“Even my husband at the time, he came down with AIDS, and when he died in 1989, at his funeral, nobody would say that he had AIDS. We were just enraged. We fought to make it public so it would start being addressed. We had been together for seven years, and he was playing around, and for some reason I didn’t get it.”
“I was the minister of the Metropolitan Community Church and when the folks like Michael Phair got together and applied for a grant to do something about AIDS, they couldn’t receive the grant because they weren’t established as a not-for-profit organization, and they didn’t have charitable status and all the rest of this.
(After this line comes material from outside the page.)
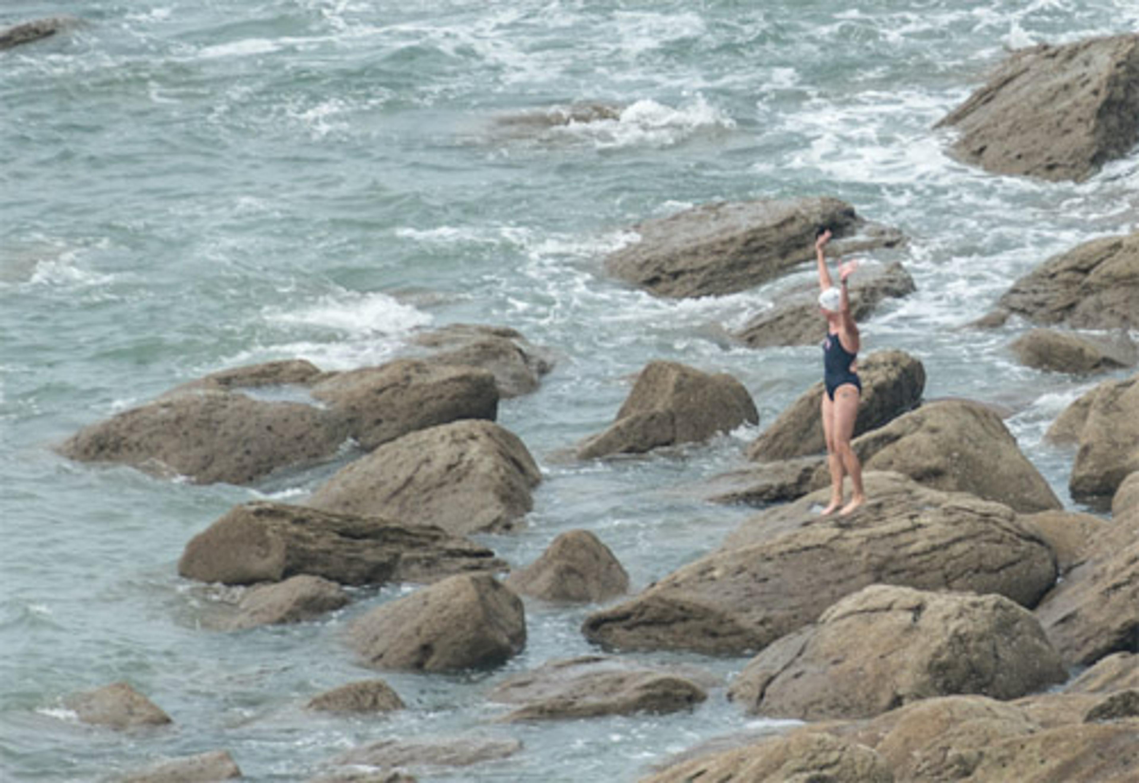 Bethany Williston stands on the rocky shore of France.

I was a friend of Michael’s, so he asked if the church could take our cheque, and I said, ‘Yes.’ And then we paid whatever bills he submitted to us. So we enabled them to work for a year until they got their own not-for-profit. So yes, I was sort of in on the ground floor.”
“The one good thing that came from AIDS is that the community solidified and worked together to face this threat ... There are some of us old farts still kicking around from back them, but we probably lost about a generation. As a minister, I did funerals, memorial services, and certainly talked to the people who had HIV. I didn’t get to talk to many parents because so many parents, when they found out their kid had AIDS, they were also finding out that their kid was gay, so they were so in shock that most of them didn’t want to talk to a minister."